The Bonhams Skinner auction at which this chair sold listed it as a Harvard University Windsor chair, bringing together two icons of colonial America. Harvard University, originally called the New College, was founded in Cambridge, Mass., in 1636, making it the oldest college in the United States. This means that Harvard predates the Windsor chair in America.
The first Windsor chairs were made in England in the 17th century, and were being made in Philadelphia by the 1730s. There were many variations on the Windsor chair, especially in America.
Like most early American furniture, different regions developed their own styles. American designers were the first to add rockers and writing arms to Windsor chairs. The chair can be made in many shapes, which often have descriptive names. They can be easily distinguished by the shape of the chair’s back, like “low-back,” “fan back,” “sack back,” “comb back,” and “bow back.”

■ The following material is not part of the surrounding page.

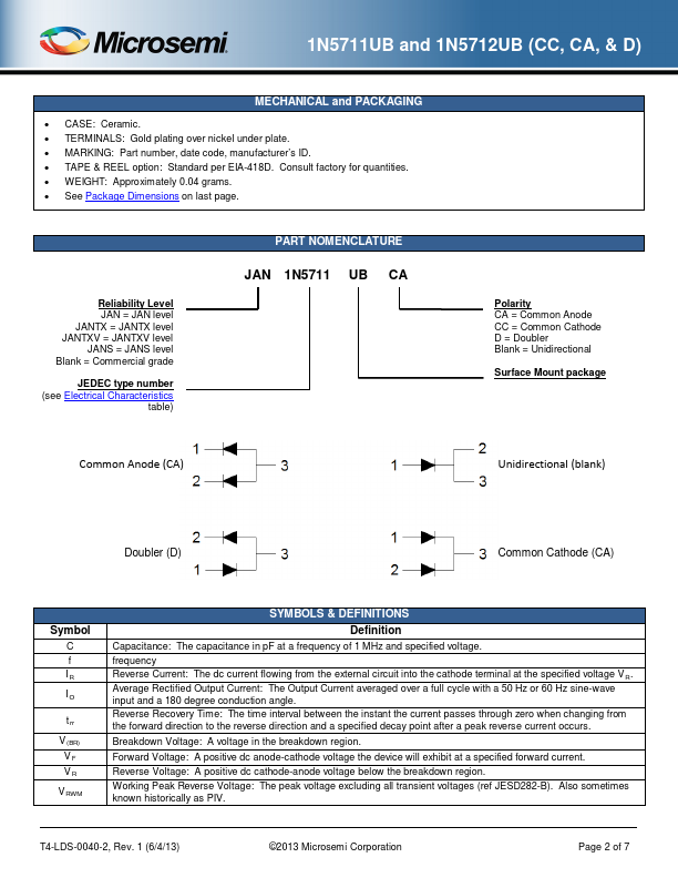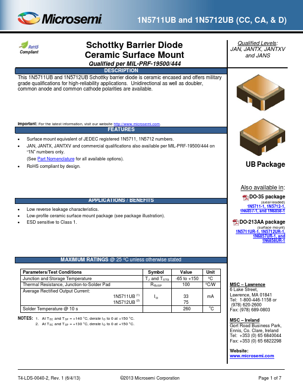 1N5711UB and 1N5712UB (CC, CA, & D) Schottky Barrier Diode Compliant Ceramic Surface Mount Qualified per MIL-PRF-19500/444 .

No matter the style, a Windsor chair can be recognized by its spindle back, turned legs and stretcher base. They are made with stick-and-socket construction, meaning the chairs are built by inserting the legs and the back spindles into holes in the seat. Windsor chairs and similar styles are also called “stick furniture.”
Q: I have a doll kit for a “Carolyn Doll” and the original box labeled “Your Carolyn Doll from Alice Dohmeyer, R.R. 2, Thiensville, Wis.” My grandmother ordered it, probably in the 1940s or ’50s. I suspect she was planning to make it for me. The doll has a painted china head, china hands and china feet with painted shoes. The back of the doll’s neck is signed “Dohmeyer.” The kit contains patterns and directions for making the cloth body and a pattern to make a 19th-century dress for the doll. Does it have any value?

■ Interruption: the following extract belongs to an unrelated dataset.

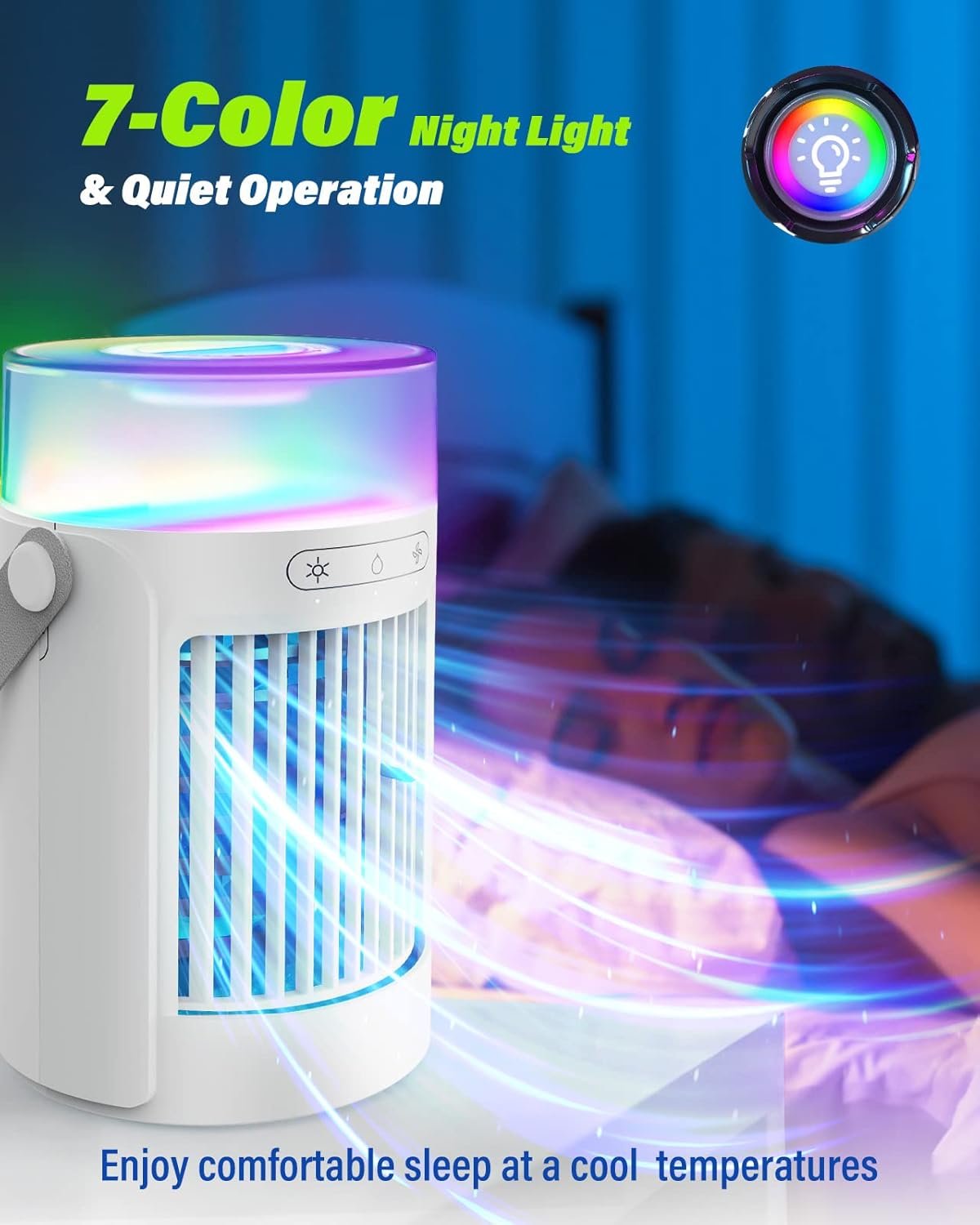β7 πΎππππ-πΎππΎππ ππππππ ππππππ & πππππ πΎππππππ: This mini air conditioner is built-in 7 soft colors night light, you can set the setting to automatic color cycle, or you can fix the color you like. The lightweight & whisper-quiet fan plus soothing night light make it perfect to use overnight for a comfortable sleep. Specifically designed for quiet operation, the unique air duct and advanced fluid dynamics ensure a silent operation.

A: Alice Dohmeyer (1914-2001) sold doll kits and also made dolls. The “china” parts included in the kit are bisque (unglazed porcelain), probably made by other companies. Some Alice Dohmeyer dolls have sold for $20 to $40. The kit would sell for less.
Q: I have a complete set of Deagan organ chimes. We always called them Triple Octave Chimes. I’d like to sell them, but I don’t know where to start.

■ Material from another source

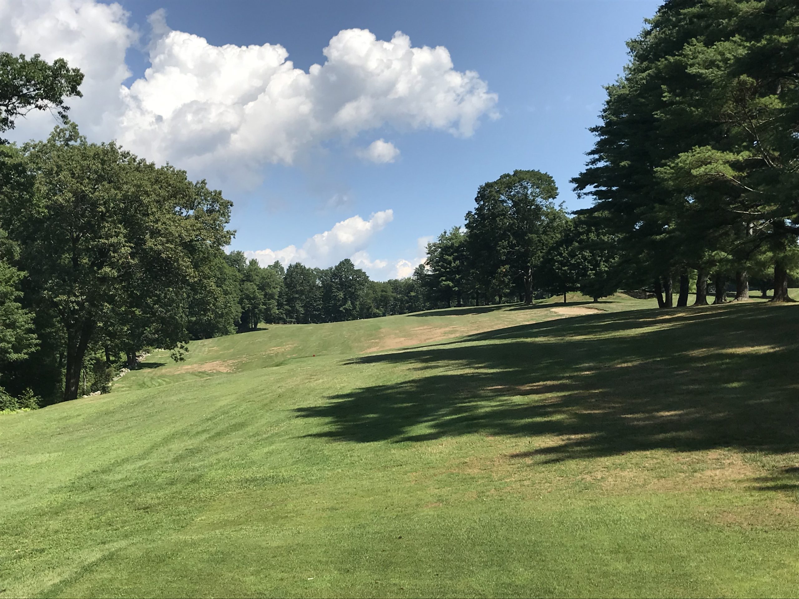 The old road runs the length of this hole on the left, which puts some fear into this tee shot. The landing area is blind but is pretty wide.

A: Deagan Manufacturing Co. was founded by John C. Deagan. He opened a factory in Chicago in 1897 and began making musical novelties and bells. It became the world’s largest musical instrument manufacturer by 1912. Deagan held dozens of patents for musical instruments, tuning mechanisms and manufacturing processes. He was granted a patent for organ chimes, a “novelty instrument,” in 1901. They were played by striking with a mallet or shaking them. The chimes were made in sets of 15 (1 1/2 octaves) to 49 chimes (four octaves). The large sets originally sold for $650. They were used in vaudeville acts because they were easy to take apart and pack up. The company was sold in 1967. After more changes in ownership, the Deagan brand name was sold to Yamaha Corp. in 1984. Products bearing the Deagan name are still being made. Organ chimes were made until the early 1920s. Not many sets were made. Sets in good condition are hard to find today and few are offered for sale. Contact an auction house that sells musical instruments to see if they can sell them for you.
Q: I have a fairly rare, autographed baseball from the 1940s, signed by one of the most famous baseball players of all time. The authenticity of the item, signature, etc. is all documented. Do you have a good source where I can get a fair estimate of value?
A: Value depends on the fame of the player, significance of the event, rarity and condition. The highest price paid for an autographed ball was $3 million for Mark McGuire’s 70th home run ball, the record for home runs in a single season, in 1998. His home run record was surpassed by Barry Bonds in 2001. You didn’t say who autographed your ball. Babe Ruth is often considered the greatest baseball player of all time. His autographed ball, the first home run hit in an All Star game (1933), sold for $805,000 in 2006. Babe Ruth autographed balls often come up for auction and prices vary. A ball in near mint to mint condition sold last year for $7,620. One in very good condition sold for $5,651. Contact an auction house that specializes in sports memorabilia. A few auction houses only sell sports memorabilia, while others include sports memorabilia in some of their auctions. You can find some listed in Kovels.com’s Business Directory.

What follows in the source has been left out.